En ambos casos, la negociación entre los departamentos de sanidad autonómicos y la Secretaría General de Instituciones Penitenciarias se prolongaron varios años, pero, finalmente, se consiguió el objetivo: ofrecer a los reclusos una calidad asistencial similar a la que se recibe fuera de las prisiones. Quiñonero destaca, sobre todo, el hecho de que puedan acceder a las historias clínicas de los pacientes.

Pero, en general y a pesar de las reivindicaciones, “la sanidad penitenciaria española es puntera”, reconoce el presidente de la SESP. Ley Orgánica General Penitenciaria (LOGP), que dedica expresamente algunos artículos a la asistencia sanitaria, es “de las más avanzadas”. “Hay países europeos que no tienen una estructura como la nuestra. Quizá los italianos son los más cercanos; Francia, algo; pero Inglaterra y Alemania, nada”, detalla.

Temor por desconocimiento
Mientras esperan que la Administración “cumpla sus propias leyes”, los profesionales sanitarios que trabajan en este ámbito se preguntan por qué a la sanidad penitenciaria “ni se la conoce ni se la reconoce”. García Guerrero, que empezó a ejercer en prisiones en 1989, cree que “quien no tiene relación con este mundo, no se interesa en conocerlo”. Afirma que los 26 años que lleva trabajando en este sistema le han llenado “plenamente”, desde el punto de vista personal y profesional, porque cree que han hecho una labor muy importante, aunque poco reconocida, en el control de muchas patologías y que han ganado años de vida para mucha gente.

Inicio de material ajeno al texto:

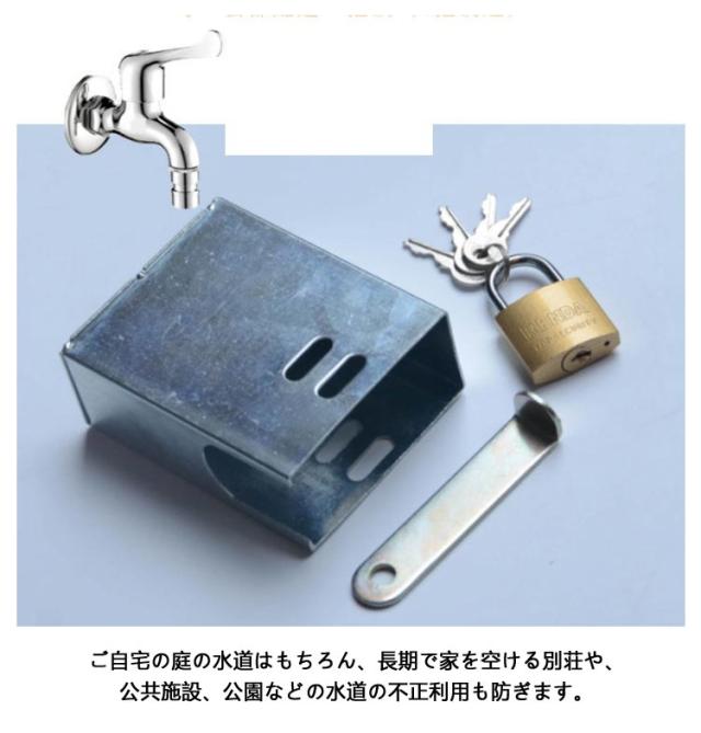 | 取り付け簡単!屋外水道のいたずらや不正使用を防ぐ蛇口ロックです。 屋外の水道のいたずら防止に!勝手に使われる不正使用もガード◎ 水道の蛇口部分にカバーをかぶせ、南京錠を取り付けてロックするだけ。 特別な工具は一切不要。誰でも無理なく取りつけて使用できます。南京錠にはスペアキー付き! カバーは、蛇口部分にすっぽりかぶせるタイプ。一般的な蛇口のどの形状にも対応可能。 ご自宅の庭の水道はもちろん、長期で家を空ける別荘や、公共施設、公園などの水道の不正利用も防ぎます。 | |
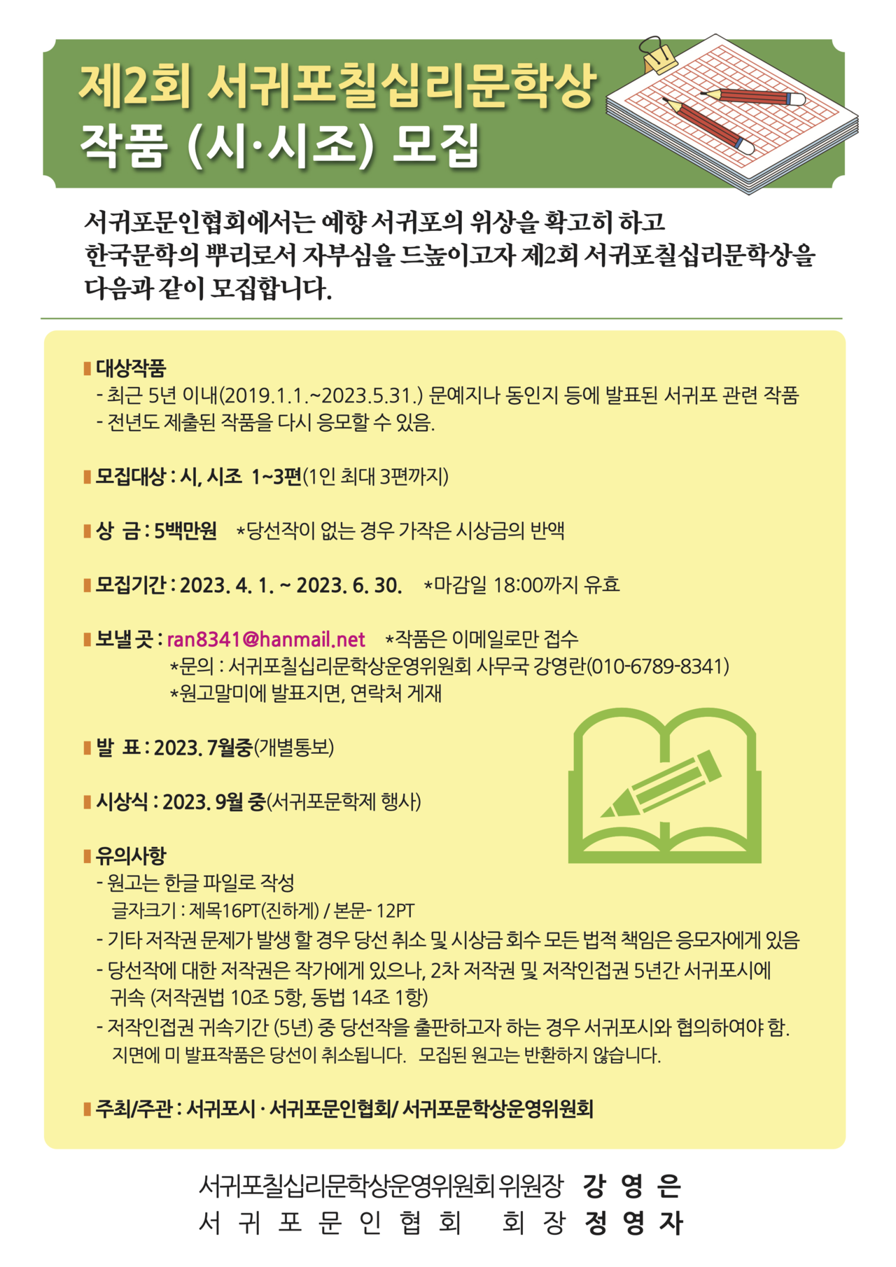 모집작품은 최근 5년 이내(2019.1.1.~2023.5.31.) 문예지나 동인지 등에 발표된 서귀포 관련 시와 시조 작품이며, 응모자 1인이 최대 3편까지 출품할 수 있다.
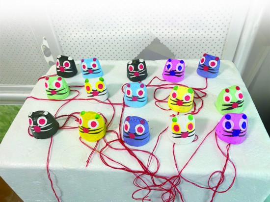 記者來到吳為民的工作室里,一提到“皮老虎”,吳為民滔滔不絕?!啊だ匣ⅰ怯媚嗯吣蟪煽蓯鄣男±匣⒌臉幼?,通過一只手握住它,另一只手滑動(dòng)它身上的紅線,就會(huì)發(fā)出各種動(dòng)物的叫聲。我做的這個(gè)‘皮老虎’,它能發(fā)出許多種動(dòng)物的叫聲。”吳為民一邊說著一邊為記者演示,“隨著滑動(dòng)的頻率的變化,它能發(fā)出各種惟妙惟肖的聲音,有貓叫、青蛙的叫聲、老母雞的叫聲等等?!?/p>

No en vano, Antonio López, quien también lleva 26 años ejerciendo la profesión en este medio, recuerda que a los médicos que entraron en aquella época en la sanidad penitenciaria les tocó “vivir de pleno” la epidemia de VIH: “Al principio, se estableció que los pacientes que estuvieran en peores condiciones podían solicitar la libertad por enfermedad grave, así que había reclusos que abandonaban el tratamiento voluntariamente al ingresar en prisión y volvían a retomarlo cuando estaban en libertad. Esto podía conllevaba problemas de resistencias y deterioro, pero lo importante era estar en libertad. Nos costó mucho convencerles de que no lo hicieran”.

A falta de una “explicación lógica”, Quiñonero atribuye al “miedo” la reticencia de la Administración respecto a que los servicios médicos de las prisiones puedan trabajar como un centro de AP que dependa de un área de salud comunitaria. Al final, la percepción de estos profesionales es que la sociedad no quiere oír ni hablar de nada que tenga que ver con las cárceles, y que prefiere que estén cuanto más lejos, mejor. El trabajo arduo es acabar con el estigma que rodea a todo lo que lleva el adjetivo ‘penitenciario’ para permitir avanzar a un sistema sanitario bueno, pero que podría ser mejor.